## Exercise objective
What lines of the data below include the word "Baden"? Report them by copying each.
*** Opening Records supplied ***
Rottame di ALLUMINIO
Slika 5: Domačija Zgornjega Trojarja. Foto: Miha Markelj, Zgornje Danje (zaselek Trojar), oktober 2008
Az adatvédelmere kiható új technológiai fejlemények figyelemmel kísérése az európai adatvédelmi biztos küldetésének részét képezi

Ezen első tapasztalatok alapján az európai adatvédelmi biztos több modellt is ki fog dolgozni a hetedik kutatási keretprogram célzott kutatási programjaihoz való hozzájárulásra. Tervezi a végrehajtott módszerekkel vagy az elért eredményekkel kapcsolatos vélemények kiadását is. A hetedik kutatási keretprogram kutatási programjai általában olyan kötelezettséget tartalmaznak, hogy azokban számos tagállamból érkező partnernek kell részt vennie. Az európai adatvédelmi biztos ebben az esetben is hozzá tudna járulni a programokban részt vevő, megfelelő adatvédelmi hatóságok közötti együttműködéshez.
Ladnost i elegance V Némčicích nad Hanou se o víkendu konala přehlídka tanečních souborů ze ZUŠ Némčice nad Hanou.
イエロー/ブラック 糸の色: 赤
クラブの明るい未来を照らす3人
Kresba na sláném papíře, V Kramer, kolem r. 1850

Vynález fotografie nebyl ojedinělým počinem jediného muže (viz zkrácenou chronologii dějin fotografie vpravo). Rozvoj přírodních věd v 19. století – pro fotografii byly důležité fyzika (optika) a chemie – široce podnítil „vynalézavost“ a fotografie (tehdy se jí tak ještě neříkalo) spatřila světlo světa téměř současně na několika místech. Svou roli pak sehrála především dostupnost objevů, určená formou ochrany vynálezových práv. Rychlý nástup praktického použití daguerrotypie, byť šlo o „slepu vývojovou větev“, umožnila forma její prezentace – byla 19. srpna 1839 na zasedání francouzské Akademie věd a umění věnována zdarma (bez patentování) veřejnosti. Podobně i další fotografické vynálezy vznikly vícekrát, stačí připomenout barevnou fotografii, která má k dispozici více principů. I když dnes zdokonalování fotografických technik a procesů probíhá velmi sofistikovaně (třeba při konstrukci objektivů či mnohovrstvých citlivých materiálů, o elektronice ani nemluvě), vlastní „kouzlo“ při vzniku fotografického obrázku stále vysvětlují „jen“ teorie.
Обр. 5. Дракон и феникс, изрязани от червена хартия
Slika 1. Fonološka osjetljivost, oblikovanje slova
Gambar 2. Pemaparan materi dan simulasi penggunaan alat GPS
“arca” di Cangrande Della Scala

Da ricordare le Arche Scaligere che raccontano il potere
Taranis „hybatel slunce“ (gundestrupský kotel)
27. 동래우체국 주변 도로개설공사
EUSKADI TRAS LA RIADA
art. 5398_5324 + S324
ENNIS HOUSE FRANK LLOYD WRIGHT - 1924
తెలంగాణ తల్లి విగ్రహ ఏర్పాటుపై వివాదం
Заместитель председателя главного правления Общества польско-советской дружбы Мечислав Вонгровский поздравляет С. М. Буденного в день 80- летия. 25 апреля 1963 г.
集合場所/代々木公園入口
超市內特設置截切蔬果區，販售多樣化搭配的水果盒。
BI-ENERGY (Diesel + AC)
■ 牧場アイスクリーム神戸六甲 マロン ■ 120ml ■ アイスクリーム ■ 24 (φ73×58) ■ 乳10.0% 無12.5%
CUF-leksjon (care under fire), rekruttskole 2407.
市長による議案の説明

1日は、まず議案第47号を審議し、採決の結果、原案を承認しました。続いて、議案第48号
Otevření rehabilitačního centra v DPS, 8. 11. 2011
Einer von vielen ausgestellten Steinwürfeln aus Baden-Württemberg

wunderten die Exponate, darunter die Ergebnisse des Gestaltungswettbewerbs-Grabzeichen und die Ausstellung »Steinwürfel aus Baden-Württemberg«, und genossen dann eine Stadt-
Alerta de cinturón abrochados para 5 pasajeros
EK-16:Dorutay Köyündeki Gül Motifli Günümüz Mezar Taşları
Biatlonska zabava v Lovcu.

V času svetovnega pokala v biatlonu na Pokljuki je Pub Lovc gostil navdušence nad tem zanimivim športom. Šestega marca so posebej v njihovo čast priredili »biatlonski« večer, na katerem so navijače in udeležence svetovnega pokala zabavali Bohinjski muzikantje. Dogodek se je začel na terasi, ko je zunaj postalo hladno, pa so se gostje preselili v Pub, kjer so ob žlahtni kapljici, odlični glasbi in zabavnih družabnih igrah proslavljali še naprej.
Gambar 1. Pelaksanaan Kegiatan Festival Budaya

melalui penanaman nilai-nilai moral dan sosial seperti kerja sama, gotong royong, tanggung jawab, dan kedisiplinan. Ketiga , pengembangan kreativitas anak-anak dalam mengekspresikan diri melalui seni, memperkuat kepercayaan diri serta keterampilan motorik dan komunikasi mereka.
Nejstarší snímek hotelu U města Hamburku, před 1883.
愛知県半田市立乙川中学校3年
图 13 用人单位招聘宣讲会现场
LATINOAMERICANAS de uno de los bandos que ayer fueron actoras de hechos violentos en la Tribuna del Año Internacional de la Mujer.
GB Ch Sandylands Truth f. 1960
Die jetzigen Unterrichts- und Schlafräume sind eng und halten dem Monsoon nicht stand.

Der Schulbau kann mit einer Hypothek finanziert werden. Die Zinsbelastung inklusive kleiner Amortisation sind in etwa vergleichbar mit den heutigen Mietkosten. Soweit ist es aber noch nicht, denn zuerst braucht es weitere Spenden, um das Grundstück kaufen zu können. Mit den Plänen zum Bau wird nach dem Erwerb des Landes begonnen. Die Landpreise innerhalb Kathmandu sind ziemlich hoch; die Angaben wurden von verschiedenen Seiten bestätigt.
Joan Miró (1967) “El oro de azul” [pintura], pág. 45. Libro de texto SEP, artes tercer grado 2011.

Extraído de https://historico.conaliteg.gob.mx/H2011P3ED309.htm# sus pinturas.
*** Closing Records supplied ***
## Expected output
Einer von vielen ausgestellten Steinwürfeln aus Baden-Württemberg
wunderten die Exponate, darunter die Ergebnisse des Gestaltungswettbewerbs-Grabzeichen und die Ausstellung »Steinwürfel aus Baden-Württemberg«, und genossen dann eine Stadt-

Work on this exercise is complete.